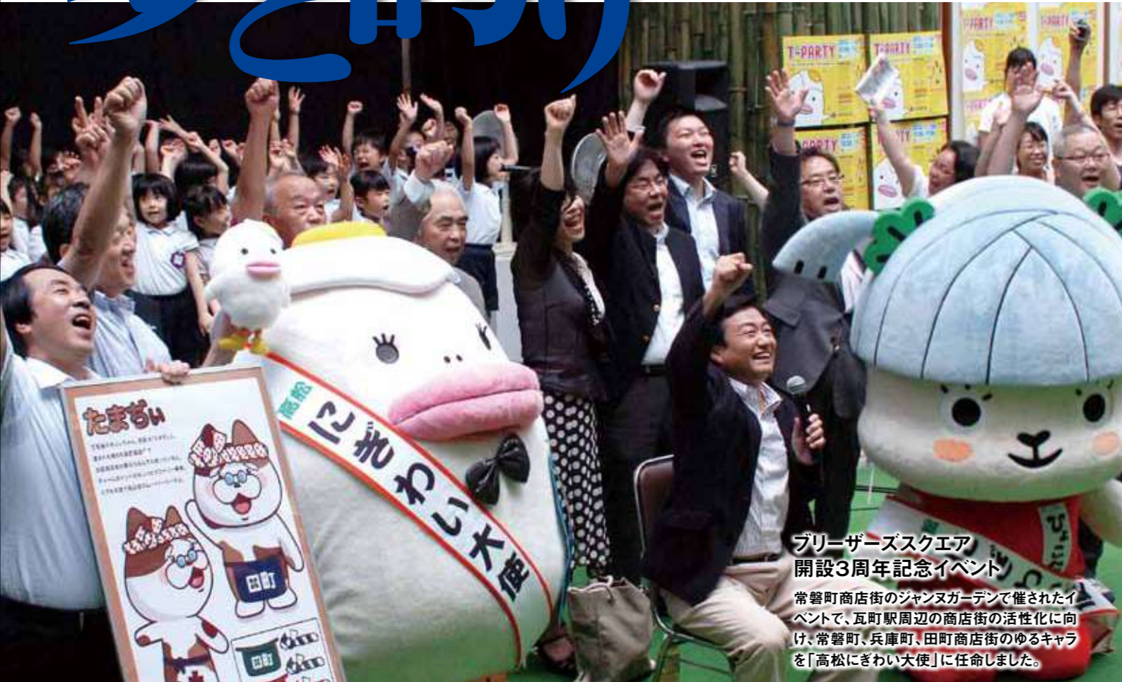
ブリーザーズスクエア 開設3周年記念イベント 常磐町商店街のジャンヌガーデンで催されたイベントで、瓦町駅周辺の商店街の活性化に向け、常磐町、兵庫町、田町商店街のゆるキャラを「高松にぎわい大使」に任命しました。
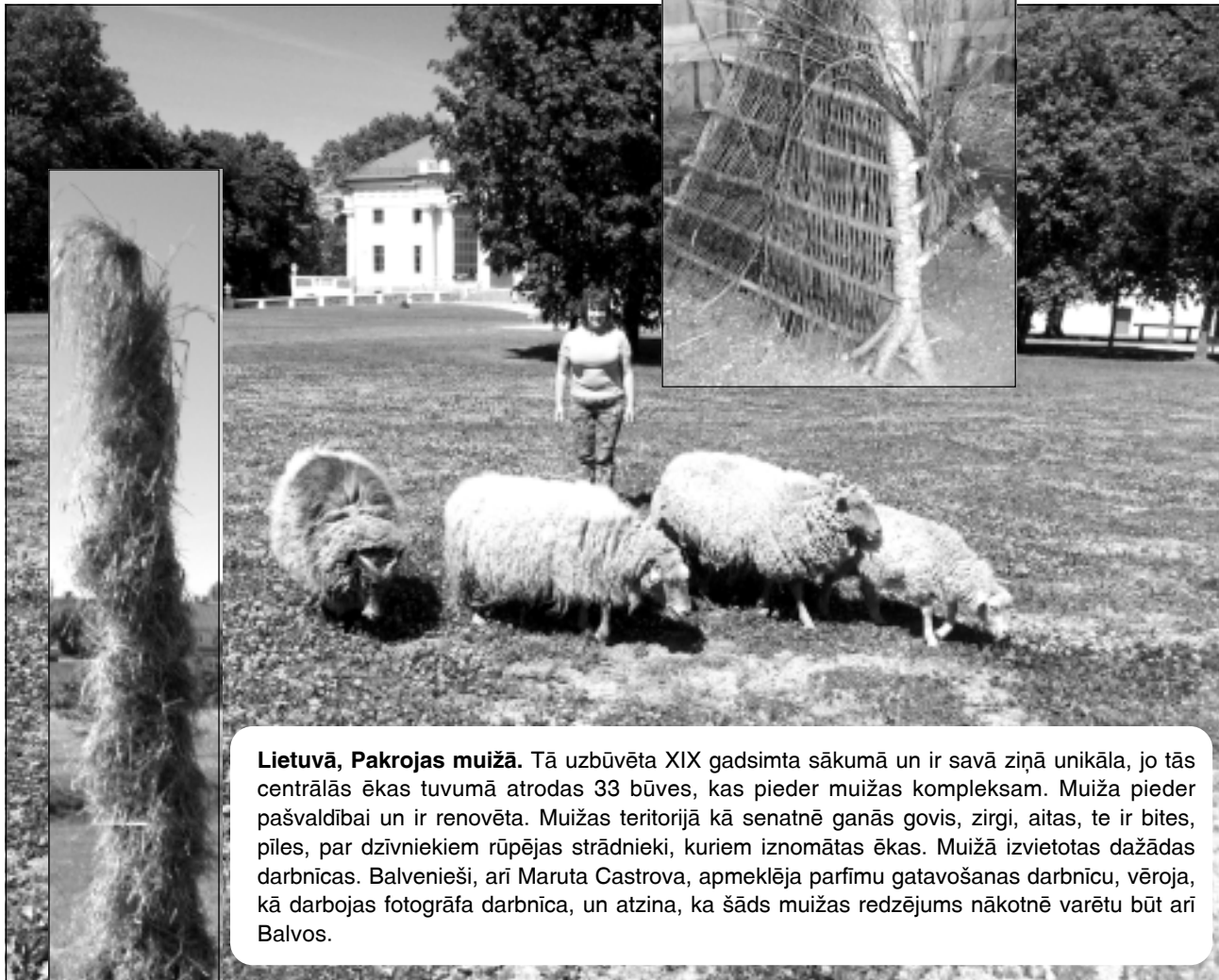
No vietējos krūmos grieztiem zariem var izgatavot neparastu un stilīgu būrīti paipalām.
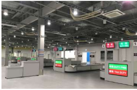
中部国際空港第二ターミナル
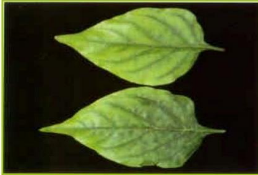
Deficiencia de Magnesio en chile
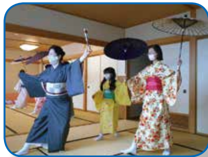
▲伝統文化（北上文化プラザ）
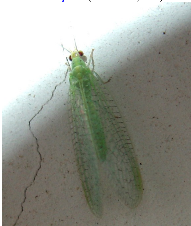
Adulto dal web
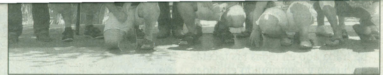
Podio final de la liga, que se ha disputado durante los últimos meses. N.L.A.
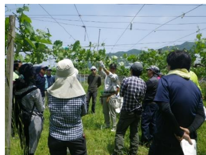
【北信州農業道場ぶどうコース】
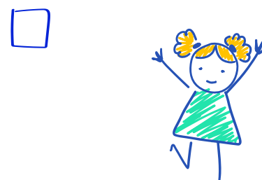
Contacten leggen met kinderen in een opvangcentrum
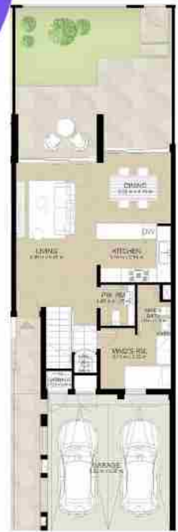
GROUND LEVEL الطابق الأرضي
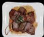
Gyu yaki Rundfilet pur
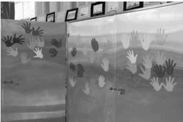
台南市永康區失智友善館中也布置了許多失智者的藝術作品十分美麗

因應擔任志工者多為已退休、年紀較大的長輩，因此在各個據點有製作失智友善服務諮詢手冊，讓志工需要時可以翻閱，也有提供QRcode，內含各種失智症資源給家屬，避免志工需要記住太多資訊造成壓力。
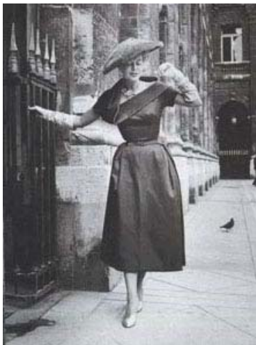
Kuva 5. Yksi Diorin suunnittelemissa cocktailpuvuista

Kaksi vastakohtaista siluettaa vallitsi 1950-luvulla. Vaihtoehtoina olivat hulmuava kellohame ja kapealinjainen polvipituinen kynähame, jotka molemmat korostivat kapeaa vyötäröä. Sotavuosien ankeuden jälkeen naiset korostivat naisellisuuttaan, vartalon puutteita ja virheitä korjailtiin toppauksilla ja vartaloa muokkaavilla alusvaatteilla. Täydellinen tiimalasivartalo syntyi nailonista valmistetun korseletin avulla, joka nosti rintoja ulos- ja ylöspäin, kavensi lantiota ja teki vyötäristä ampiaismaisen. Muoti saneli jäykät ja epämukavat pukeutumissäännöt. Hyvin pukeutuvan naisen piti käyttää hattua ja käsineitä ollessaan ulkona ja asusteiden täytyi olla samanvärisiä, esimerkiksi huulipunaa piti sointua korkokenkien väriin. Naiset halusivat näyttää viehättäviltä ja hienostuneilta. (Rhodes 2006, 86–87.)
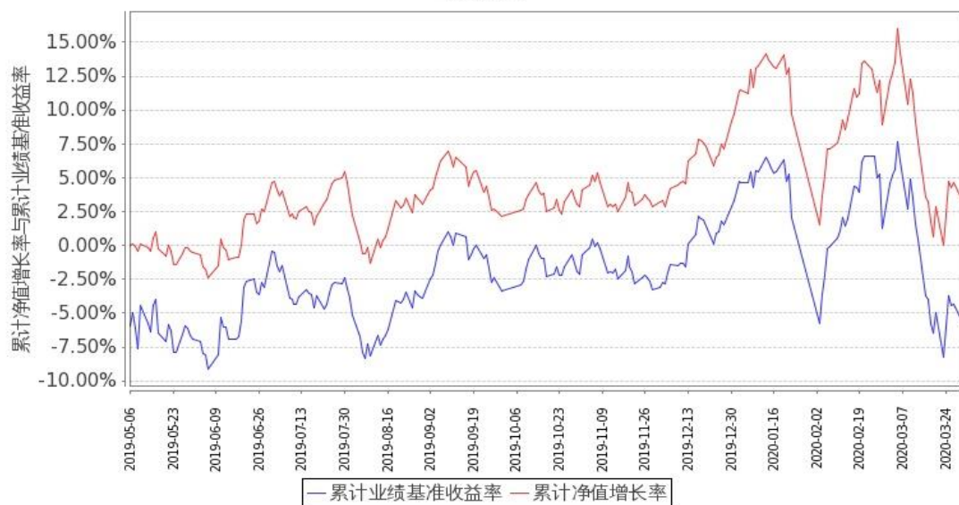
图 2：嘉实长青竞争优势股票 C 基金份额累计净值增长率与同期业绩比较基准收益率的历史走势对比图
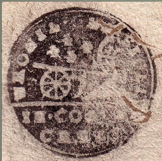
Odcisk z 1823 roku
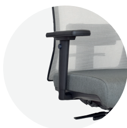
Brazo regulable 3D
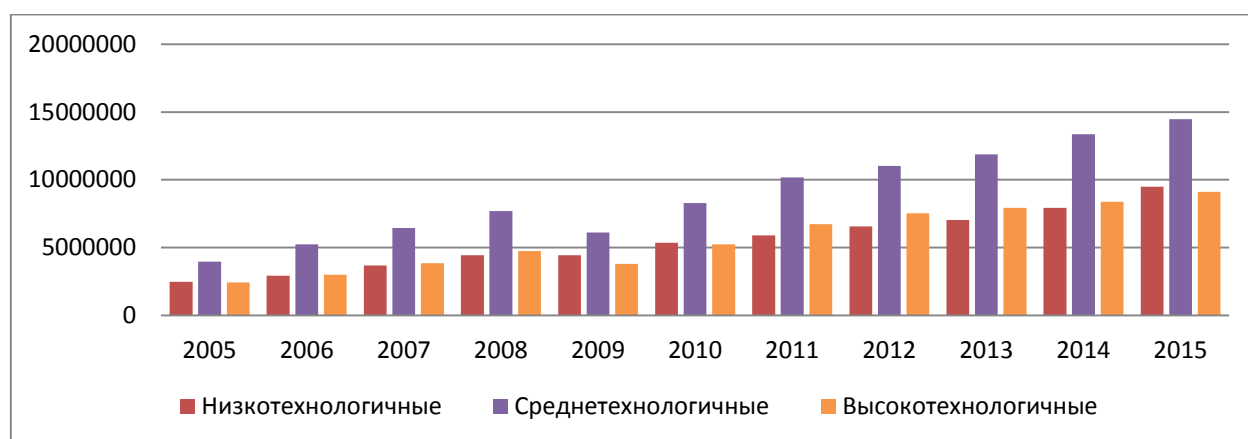
Рис. 1 - Динамика объемов отгруженных товаров собственного производства, выполненных работ и услуг собственными силами в Российской Федерации, млн. руб.

в развивающихся странах, в то время как в страны с высоким уровнем дохода демонстрируют отрицательный рост объемов производства в данных отраслях промышленности. В среднетехнологичных отраслях промышленности большее влияние на объем производства оказывает капитал и производительность труда (последняя особенно актуальная для развитых стран). В развивающихся странах основным источником роста являются природные ресурсы и энергоресурсы. Так в России в валовом объеме отгруженных товаров среднетехнологичные отрасли имеют большую долю в динамике лет (рис.1).
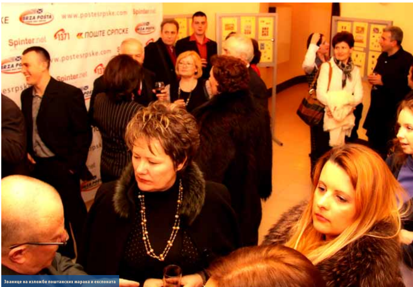
Званице на изложби поштанских марака и експоната
————————
→ **What the task requires**: Set down, exactly as written above, each line from the one with "GROUND LEVEL الطابق الأرضي" through the one with "Kuva 5. Yksi", and skip the pictures.

→ **Written response**:
GROUND LEVEL الطابق الأرضي
Gyu yaki Rundfilet pur
台南市永康區失智友善館中也布置了許多失智者的藝術作品十分美麗

因應擔任志工者多為已退休、年紀較大的長輩，因此在各個據點有製作失智友善服務諮詢手冊，讓志工需要時可以翻閱，也有提供QRcode，內含各種失智症資源給家屬，避免志工需要記住太多資訊造成壓力。
Kuva 5. Yksi Diorin suunnittelemissa cocktailpuvuista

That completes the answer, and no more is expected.